__Exercise goal__
Which lines of the entries below run from the one holding "在中譽(yù)鼎力綠色建材大" to the one holding "Look like a", inclusive? Set down exactly those lines and no others.

__Recorded information__
++++++++++

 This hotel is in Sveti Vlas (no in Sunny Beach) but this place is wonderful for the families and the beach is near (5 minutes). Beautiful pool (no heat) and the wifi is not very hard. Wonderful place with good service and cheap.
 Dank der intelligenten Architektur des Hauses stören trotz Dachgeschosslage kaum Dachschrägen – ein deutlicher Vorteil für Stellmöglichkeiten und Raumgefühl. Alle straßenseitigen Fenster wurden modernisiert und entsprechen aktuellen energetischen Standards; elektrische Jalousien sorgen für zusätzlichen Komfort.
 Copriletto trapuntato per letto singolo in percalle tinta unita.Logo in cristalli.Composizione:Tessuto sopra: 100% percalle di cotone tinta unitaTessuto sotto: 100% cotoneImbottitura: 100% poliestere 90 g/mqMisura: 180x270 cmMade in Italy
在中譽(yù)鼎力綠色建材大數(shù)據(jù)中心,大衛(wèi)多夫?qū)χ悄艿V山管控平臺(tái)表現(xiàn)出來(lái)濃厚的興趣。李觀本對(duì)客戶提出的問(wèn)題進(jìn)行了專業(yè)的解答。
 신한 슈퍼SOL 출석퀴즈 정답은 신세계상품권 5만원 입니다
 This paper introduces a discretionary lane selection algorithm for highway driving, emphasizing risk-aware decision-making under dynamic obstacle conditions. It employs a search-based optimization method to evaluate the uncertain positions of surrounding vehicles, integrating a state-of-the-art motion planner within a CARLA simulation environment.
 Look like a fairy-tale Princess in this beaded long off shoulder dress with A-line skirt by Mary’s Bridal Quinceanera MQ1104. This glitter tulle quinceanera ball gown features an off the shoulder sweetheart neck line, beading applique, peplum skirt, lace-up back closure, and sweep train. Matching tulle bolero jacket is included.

++++++++++

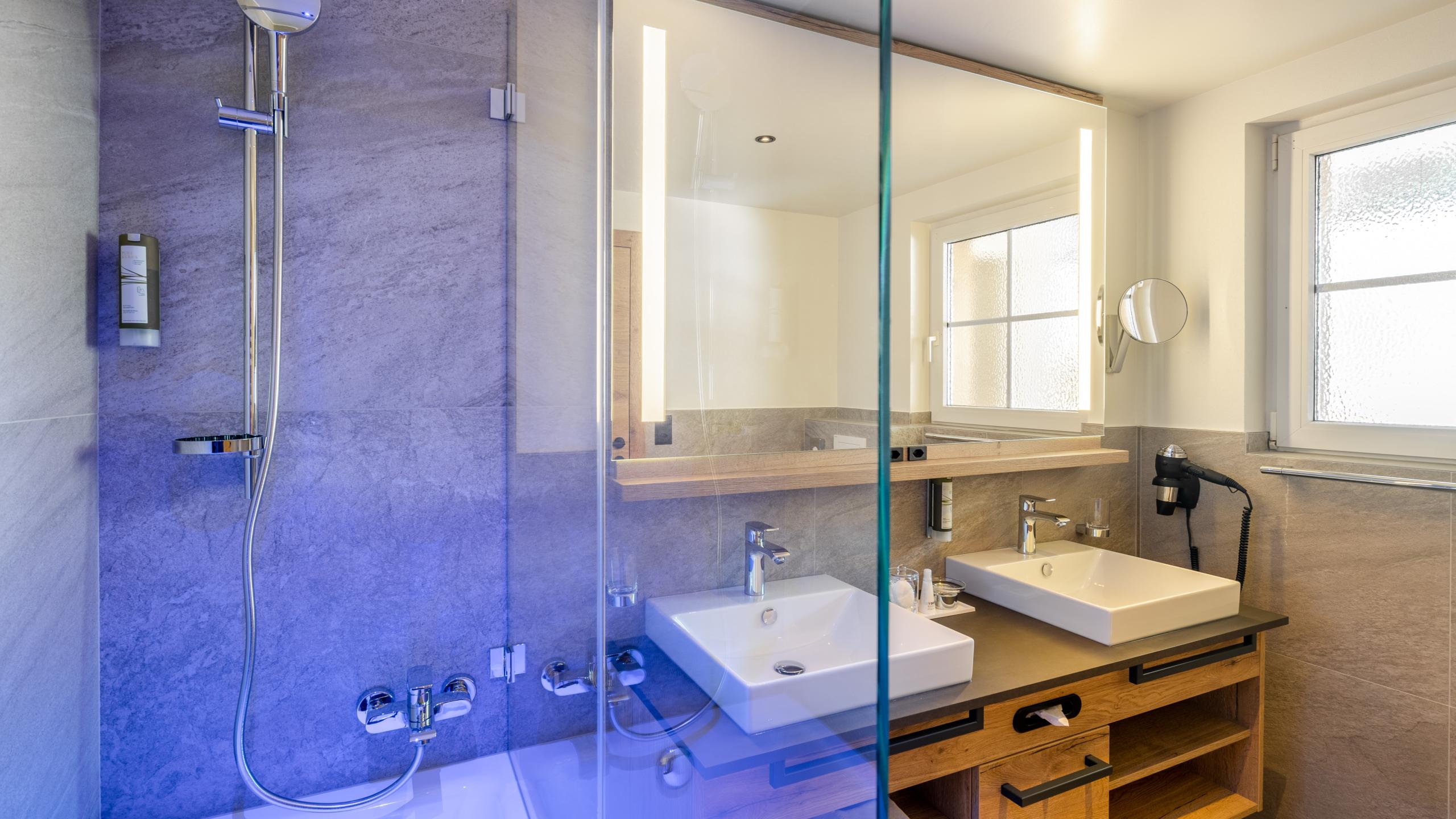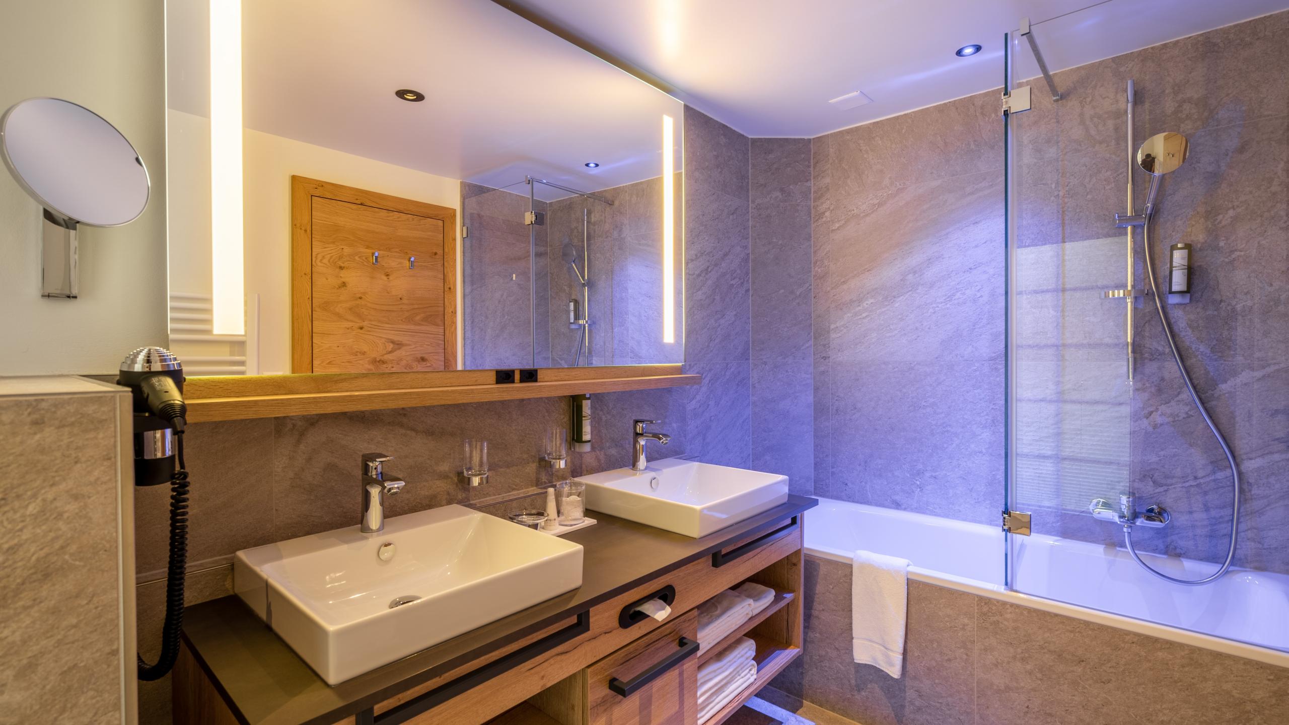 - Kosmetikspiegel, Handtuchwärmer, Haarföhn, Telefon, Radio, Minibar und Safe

++++++++++

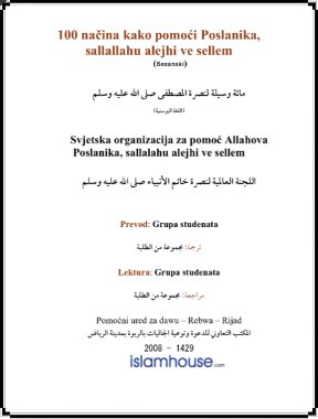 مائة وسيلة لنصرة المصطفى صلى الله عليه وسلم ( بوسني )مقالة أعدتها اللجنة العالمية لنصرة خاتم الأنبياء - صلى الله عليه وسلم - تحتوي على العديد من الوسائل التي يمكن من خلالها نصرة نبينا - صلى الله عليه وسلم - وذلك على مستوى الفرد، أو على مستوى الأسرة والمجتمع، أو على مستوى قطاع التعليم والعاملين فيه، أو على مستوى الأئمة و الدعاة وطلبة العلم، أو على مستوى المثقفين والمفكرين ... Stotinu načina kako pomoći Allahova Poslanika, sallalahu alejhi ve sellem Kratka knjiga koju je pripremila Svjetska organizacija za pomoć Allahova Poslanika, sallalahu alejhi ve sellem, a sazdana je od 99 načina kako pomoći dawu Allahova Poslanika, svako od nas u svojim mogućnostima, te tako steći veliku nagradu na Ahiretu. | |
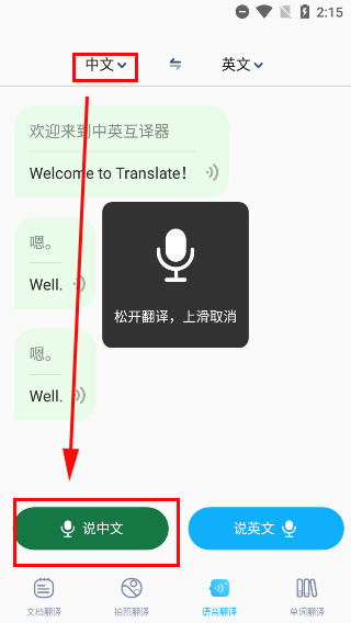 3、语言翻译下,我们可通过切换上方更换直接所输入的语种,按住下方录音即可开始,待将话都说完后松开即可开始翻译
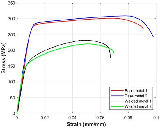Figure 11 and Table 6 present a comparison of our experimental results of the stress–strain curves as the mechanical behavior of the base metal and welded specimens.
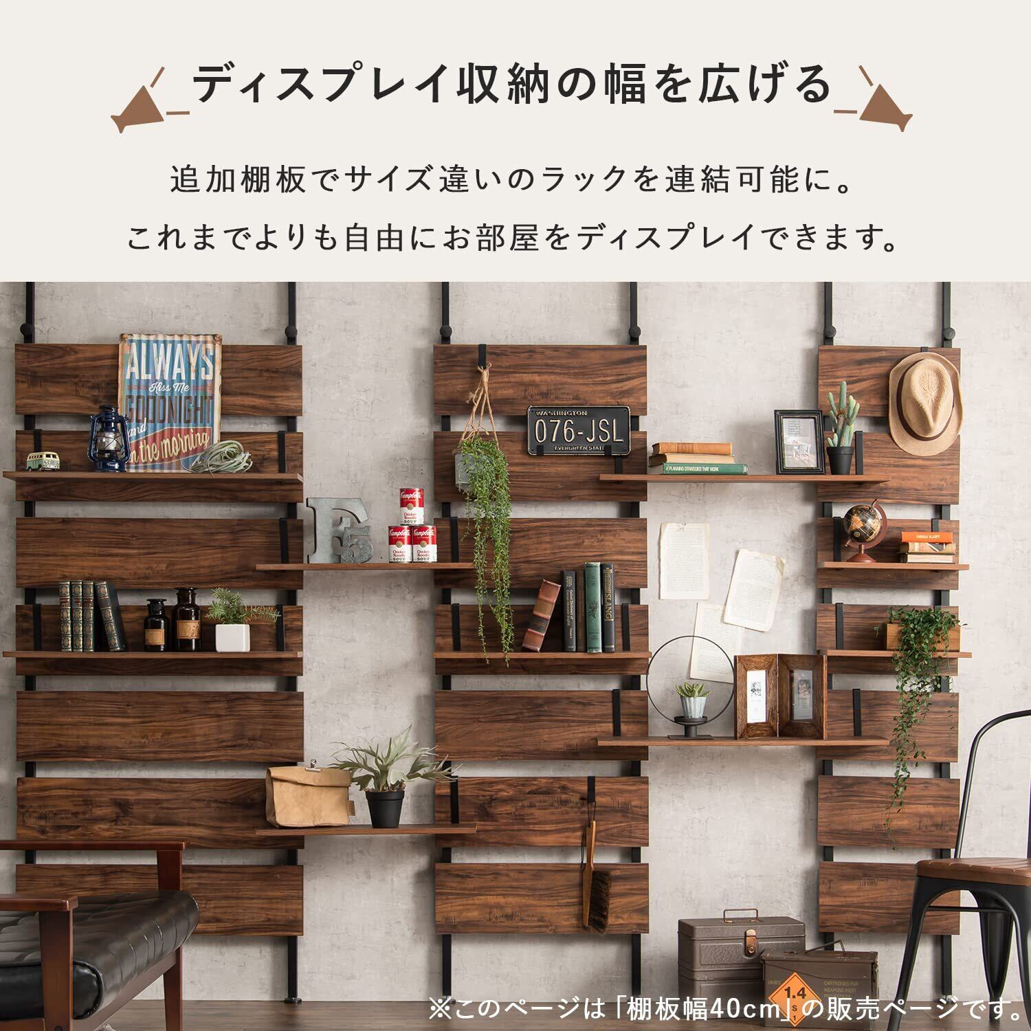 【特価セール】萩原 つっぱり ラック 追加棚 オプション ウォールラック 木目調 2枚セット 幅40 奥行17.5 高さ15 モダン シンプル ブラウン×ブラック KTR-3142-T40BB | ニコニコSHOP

++++++++++

__Response for this exercise__
在中譽(yù)鼎力綠色建材大數(shù)據(jù)中心,大衛(wèi)多夫?qū)χ悄艿V山管控平臺(tái)表現(xiàn)出來(lái)濃厚的興趣。李觀本對(duì)客戶提出的問(wèn)題進(jìn)行了專業(yè)的解答。
 신한 슈퍼SOL 출석퀴즈 정답은 신세계상품권 5만원 입니다
 This paper introduces a discretionary lane selection algorithm for highway driving, emphasizing risk-aware decision-making under dynamic obstacle conditions. It employs a search-based optimization method to evaluate the uncertain positions of surrounding vehicles, integrating a state-of-the-art motion planner within a CARLA simulation environment.
 Look like a fairy-tale Princess in this beaded long off shoulder dress with A-line skirt by Mary’s Bridal Quinceanera MQ1104. This glitter tulle quinceanera ball gown features an off the shoulder sweetheart neck line, beading applique, peplum skirt, lace-up back closure, and sweep train. Matching tulle bolero jacket is included.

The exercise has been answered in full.